Below are the records; copy exactly the stretch from the line containing "大会伊始,由一支部第二党小组" through the line containing "Stunning Emerald cut", both ends included, and nothing else.

Dataset entries:
......
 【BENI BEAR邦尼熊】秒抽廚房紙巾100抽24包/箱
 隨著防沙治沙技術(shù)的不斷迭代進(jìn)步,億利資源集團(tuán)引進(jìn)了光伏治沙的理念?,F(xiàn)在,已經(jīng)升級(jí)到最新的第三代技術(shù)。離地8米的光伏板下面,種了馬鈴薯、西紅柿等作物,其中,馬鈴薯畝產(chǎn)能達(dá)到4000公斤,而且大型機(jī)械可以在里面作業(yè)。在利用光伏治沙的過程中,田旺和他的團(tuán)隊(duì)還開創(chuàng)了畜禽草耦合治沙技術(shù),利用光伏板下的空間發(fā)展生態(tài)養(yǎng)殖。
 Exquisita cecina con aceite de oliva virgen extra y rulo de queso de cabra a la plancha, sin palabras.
......
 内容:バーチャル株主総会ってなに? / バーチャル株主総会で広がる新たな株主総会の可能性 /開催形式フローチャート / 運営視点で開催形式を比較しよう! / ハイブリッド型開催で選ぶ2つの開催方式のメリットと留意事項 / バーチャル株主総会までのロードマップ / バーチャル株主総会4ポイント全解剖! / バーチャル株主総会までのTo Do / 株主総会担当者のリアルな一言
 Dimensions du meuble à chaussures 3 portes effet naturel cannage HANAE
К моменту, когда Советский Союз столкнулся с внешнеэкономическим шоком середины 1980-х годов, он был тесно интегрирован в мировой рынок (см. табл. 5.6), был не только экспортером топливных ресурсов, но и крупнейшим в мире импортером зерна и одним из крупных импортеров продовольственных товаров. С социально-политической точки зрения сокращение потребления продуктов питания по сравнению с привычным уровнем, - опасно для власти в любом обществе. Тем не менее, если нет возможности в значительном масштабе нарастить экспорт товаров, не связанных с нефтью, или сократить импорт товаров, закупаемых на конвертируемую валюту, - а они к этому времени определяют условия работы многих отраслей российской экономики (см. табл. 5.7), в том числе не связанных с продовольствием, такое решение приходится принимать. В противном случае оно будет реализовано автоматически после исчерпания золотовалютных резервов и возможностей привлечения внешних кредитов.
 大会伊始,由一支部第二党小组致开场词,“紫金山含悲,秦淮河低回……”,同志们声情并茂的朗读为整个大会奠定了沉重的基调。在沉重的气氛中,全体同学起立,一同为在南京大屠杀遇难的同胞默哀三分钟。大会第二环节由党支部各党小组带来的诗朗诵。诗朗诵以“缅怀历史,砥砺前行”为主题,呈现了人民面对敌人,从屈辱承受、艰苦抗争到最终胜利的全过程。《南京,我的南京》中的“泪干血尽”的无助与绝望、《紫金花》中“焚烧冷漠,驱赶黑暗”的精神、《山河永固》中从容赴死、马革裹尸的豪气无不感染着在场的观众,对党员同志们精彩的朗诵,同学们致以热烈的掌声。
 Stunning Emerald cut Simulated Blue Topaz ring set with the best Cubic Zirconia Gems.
......
Output of the exercise:
 大会伊始,由一支部第二党小组致开场词,“紫金山含悲,秦淮河低回……”,同志们声情并茂的朗读为整个大会奠定了沉重的基调。在沉重的气氛中,全体同学起立,一同为在南京大屠杀遇难的同胞默哀三分钟。大会第二环节由党支部各党小组带来的诗朗诵。诗朗诵以“缅怀历史,砥砺前行”为主题,呈现了人民面对敌人,从屈辱承受、艰苦抗争到最终胜利的全过程。《南京,我的南京》中的“泪干血尽”的无助与绝望、《紫金花》中“焚烧冷漠,驱赶黑暗”的精神、《山河永固》中从容赴死、马革裹尸的豪气无不感染着在场的观众,对党员同志们精彩的朗诵,同学们致以热烈的掌声。
 Stunning Emerald cut Simulated Blue Topaz ring set with the best Cubic Zirconia Gems.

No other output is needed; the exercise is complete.